User documentation is all too often written by programmers for programmers. It tends to focus on the product’s features, rather than the user’s tasks. Generally, programmers aren’t in the ideal position to be writing user documentation. They’re too close to the bits and bytes, and they’re too far from the user. To them, what the product can do tends to be far more important than what the user can do with the product.

It’s a subtle – but vital – distinction. Research shows that the key to effective user documentation is writing task-oriented help. Even better, write your help according to the minimalist theory. In the documentation world, “minimalism” is a fancy word for a common-sense practice. In basic terms, it means to write to your reader and keep it simple.

The theory itself has a lot of twists and turns. If you want to read a great – but slightly wordy – book on the subject, check out the book “Minimalism Beyond the Nurnberg Funnel”, 1998, edited by John Carroll.

In the meantime, if you can tick every item in the following checklist, you’ll be well on your way to usable online help that both your readers and your managers will thank you for.

Helpful Help Checklist

1. Base the help on real tasks (or realistic examples)

2. Structure the help based on task sequence – Chapter headings should be goals and topics should be tasks

3. Respect the reader's activity – this is generally more about what you don’t do than what you do. Don’t waste the reader’s time by diving off into tangents

4. Exploit prior knowledge and experience – Draw the reader’s attention to previous tasks, experiences, successes, and failures

5. Prevent mistakes - "Ensure you do x before doing y"

6. Detect and identify mistakes - "If this fails, you may have entered the path incorrectly"

7. Fix mistakes - "Re-enter the path"

8. Provide error info at end of tasks where necessary (rule of thumb, one error info note per three tasks is a good average)

9. Don't break up instructions with notes, cautions, warnings, and exceptional cases - Put these things at the end of the instruction, wherever possible

10. Be brief, don't spell everything out, especially things that can be taken for granted

11. Omit conceptual and note information where possible, or link to it. Perhaps provide expansion information at the end of the topic, plus maybe a note that there are other ways to perform the task/goal, but this is the easiest

12. Sections should look short and read short

13. Provide closure for sections (e.g., back to original screen/goal)

14. Provide an immediate opportunity to act and encourage exploration and innovation (use active invitations to act, such as, "See for yourself..." or "Try this..." rather than passive invitations such as, "You can...")

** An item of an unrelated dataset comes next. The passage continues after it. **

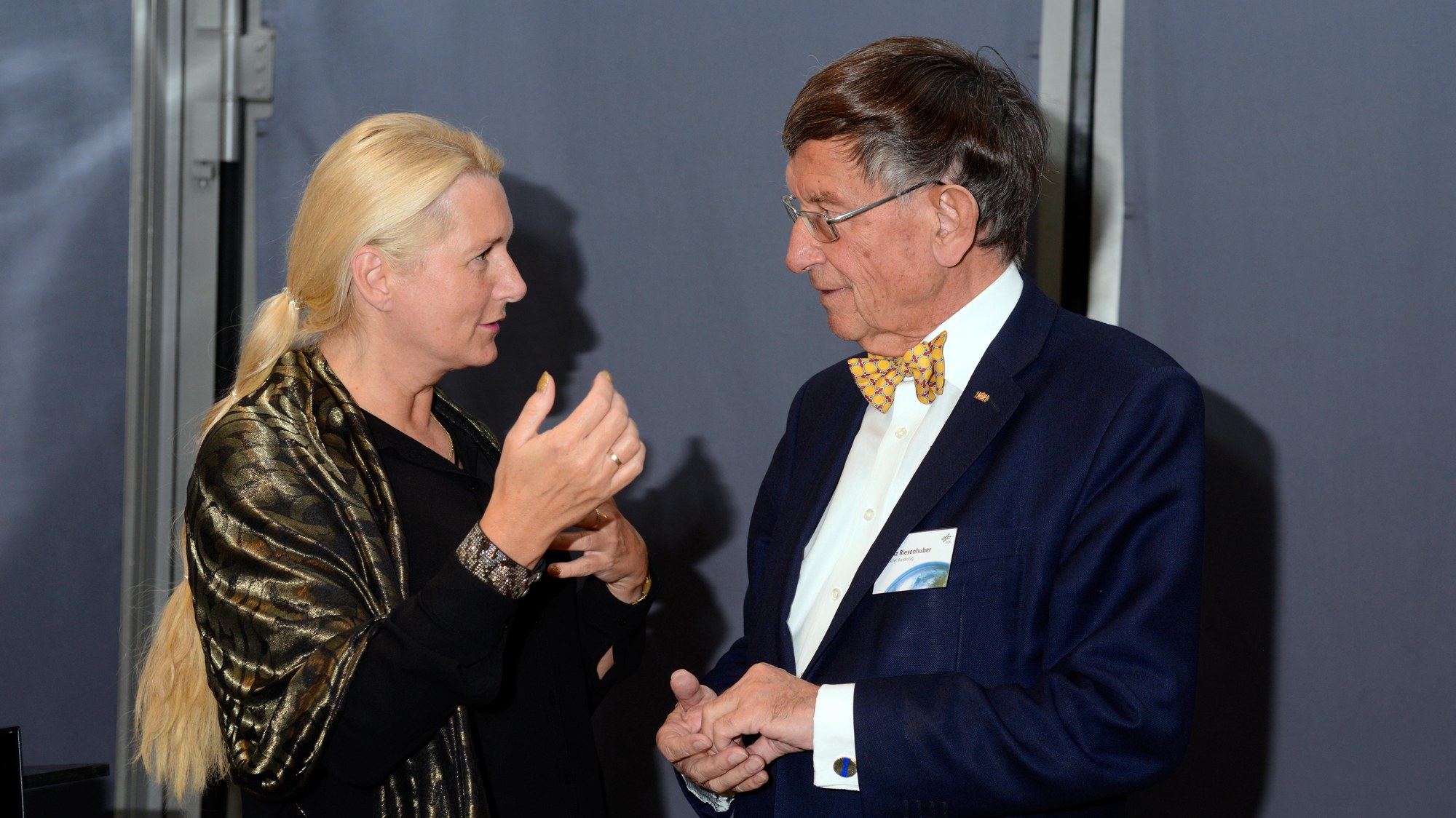Prof. Pascale Ehrenfreund, Vorstandsvorsitzende des DLR und Prof. Heinz Riesenhuber, Mitglied des Bundestages und Forschungsminister a. D.

15. Get users started quickly

16. Allow for reading in any order - make each section modular, especially goals, but perhaps tasks (definitely if they can be performed in a different order)

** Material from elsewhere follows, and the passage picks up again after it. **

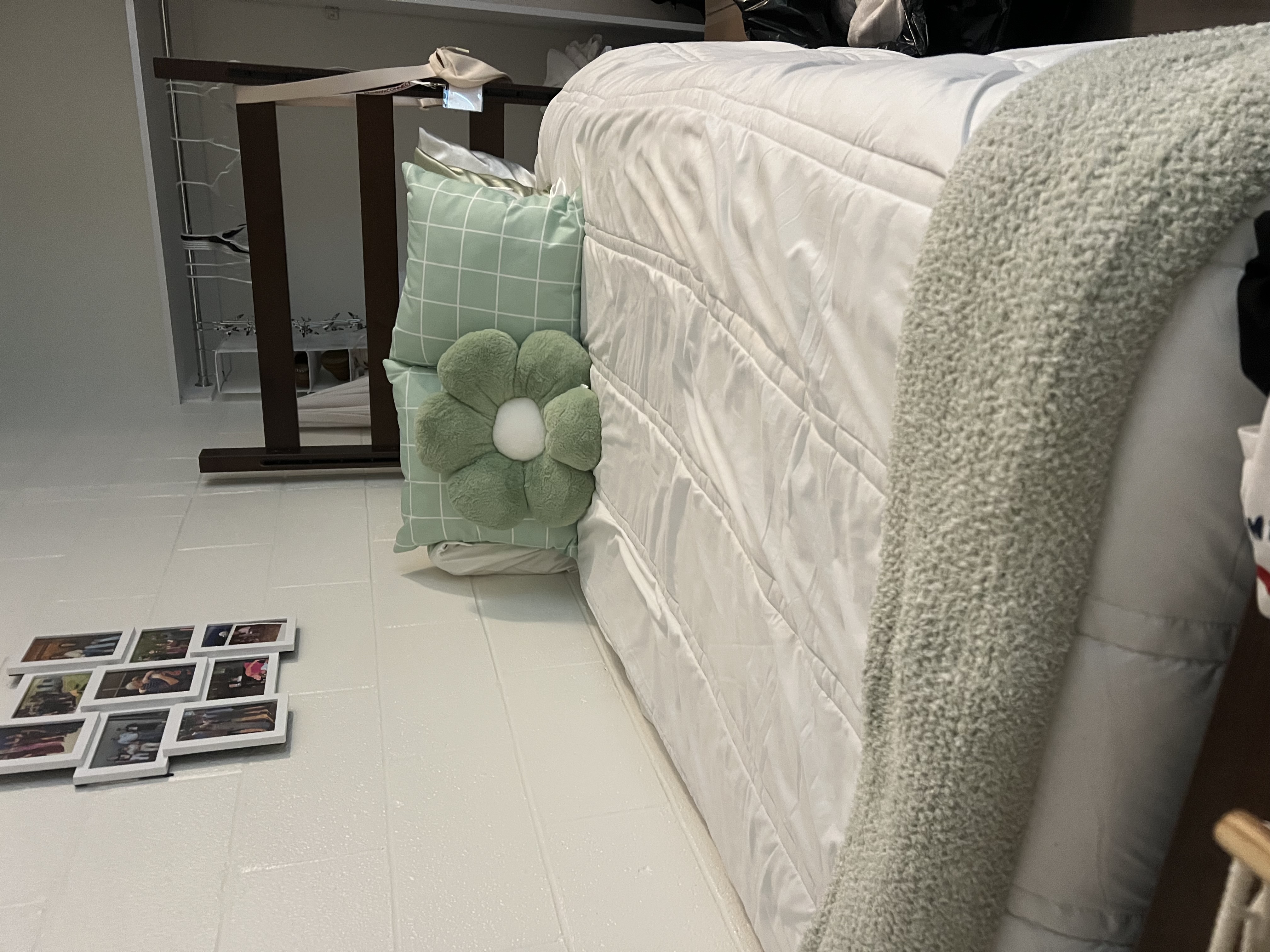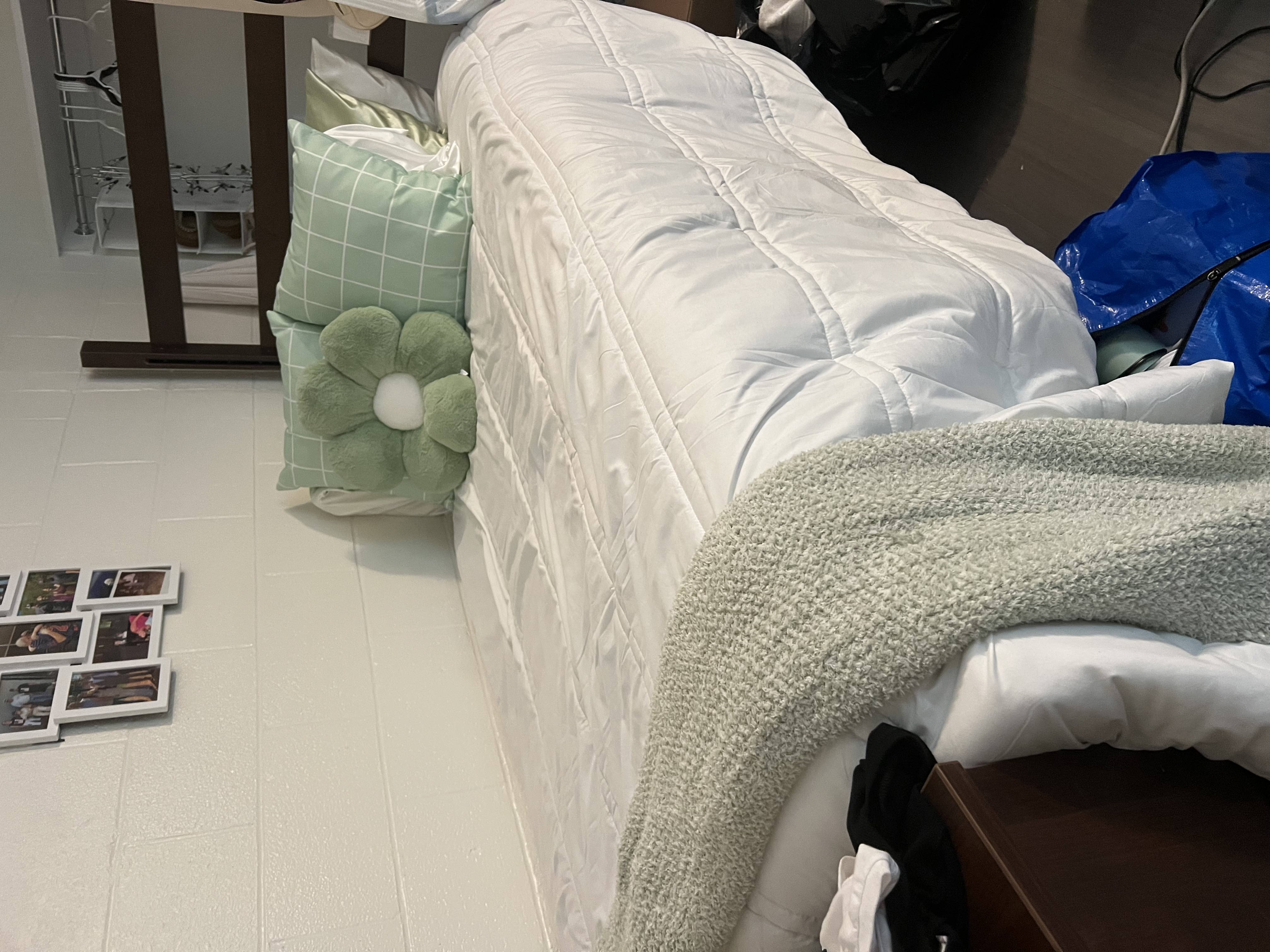Only used for one year. White comforter twin xl and satin sheets. Green throw pillow also.

17. Highlight things that are not typical

18. Use active voice rather than passive voice

19. Try to account for the user's environment in your writing

20. Before writing anything, ask yourself “Will this help my reader?”

By building these practices into your documentation process, you’ll find that your online help becomes easier to write, shorter, and far more usable for your reader. What’s more, your boss will love you!